2021-10-29

Lasso

Issue

Lasso (Least Absolute Shrinkage and Selection Operator) is a popular method for high dimensional regression. It does variable selection and estimation simultaneously. It is a non-parametric (series) estimation technique part of a general class of estimators called penalized estimators. It allows the number of regressors, \(p\), to be larger than the sample size, \(n\).
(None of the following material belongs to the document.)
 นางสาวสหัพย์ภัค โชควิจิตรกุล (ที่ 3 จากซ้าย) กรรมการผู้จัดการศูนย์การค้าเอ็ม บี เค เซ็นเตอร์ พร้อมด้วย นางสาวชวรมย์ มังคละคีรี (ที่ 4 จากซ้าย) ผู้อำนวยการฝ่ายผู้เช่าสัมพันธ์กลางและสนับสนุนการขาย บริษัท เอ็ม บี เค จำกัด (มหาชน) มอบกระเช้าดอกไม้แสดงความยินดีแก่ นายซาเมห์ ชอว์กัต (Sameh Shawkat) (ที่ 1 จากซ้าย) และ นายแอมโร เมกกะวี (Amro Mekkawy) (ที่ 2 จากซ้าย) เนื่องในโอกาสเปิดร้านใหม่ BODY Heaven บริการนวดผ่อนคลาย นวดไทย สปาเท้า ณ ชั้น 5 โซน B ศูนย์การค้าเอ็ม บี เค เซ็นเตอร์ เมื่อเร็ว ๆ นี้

Consider data \(D = \lbrace x_i, y_i \rbrace_{i=1}^n\) with \(\dim (x_i) = p\). Assume that \(p\) is large relative to \(n\). Two possible reasons:

  • we have an intrinsic problem of high dimensionality
  • \(p\) indicates the number of expansion terms of small number of underlying important variables (e.g. series estimation)

Assumption: \(y_i = x_i' \beta_0 + r_i + \varepsilon_i\) where \(\beta_0\) depends on \(p\), \(r_i\) is a remainder term.
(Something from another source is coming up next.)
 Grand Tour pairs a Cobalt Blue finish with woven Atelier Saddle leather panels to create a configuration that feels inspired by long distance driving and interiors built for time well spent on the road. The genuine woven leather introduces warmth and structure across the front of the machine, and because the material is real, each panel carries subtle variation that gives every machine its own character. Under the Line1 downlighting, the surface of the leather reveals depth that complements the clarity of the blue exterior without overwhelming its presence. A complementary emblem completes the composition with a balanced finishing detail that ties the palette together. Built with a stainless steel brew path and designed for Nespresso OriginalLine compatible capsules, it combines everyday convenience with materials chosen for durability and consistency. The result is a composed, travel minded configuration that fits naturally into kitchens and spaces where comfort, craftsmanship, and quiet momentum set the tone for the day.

Note that in classic non-parametrics, we have \(x_i'\beta_0\) as \(p_1(x_i) \beta_{1,K} + \dots + p_K(x_i) \beta_{K,K}\). For simplicity, we assume \(r_i = 0\), as if we had extreme undersmoothing. Hence the model becomes: \[ y_i = x_i' \beta_0 + \varepsilon_i, \qquad p \geq n \] We cannot run OLS because \(p \geq n\), thus the rank condition is violated.

Definition

We define the Lasso estimator as \[ \hat{\beta}_L = \arg \min \quad \underbrace{\mathbb E_n \Big[ (y_i - x_i' \beta)^2 \Big]} _ {\text{SSR term}} + \underbrace{\frac{\lambda}{n} \sum _ {j=1}^{P} | \beta_j |} _ {\text{Penalty term}} \] where \(\lambda\) is called penalty parameter.

The penalty term discourages large values of \(| \beta_j |\). The choice of \(\lambda\) is analogous to the choice of \(K\) in series estimation and \(h\) in kernel estimation.

Penalties

The shrinkage to zero of the coefficients directly follows from the \(|| \cdot ||_1\) norm. On the contrary, another famous penalized estimator, ridge regression, uses the \(|| \cdot ||_2\) norm and does not have this property.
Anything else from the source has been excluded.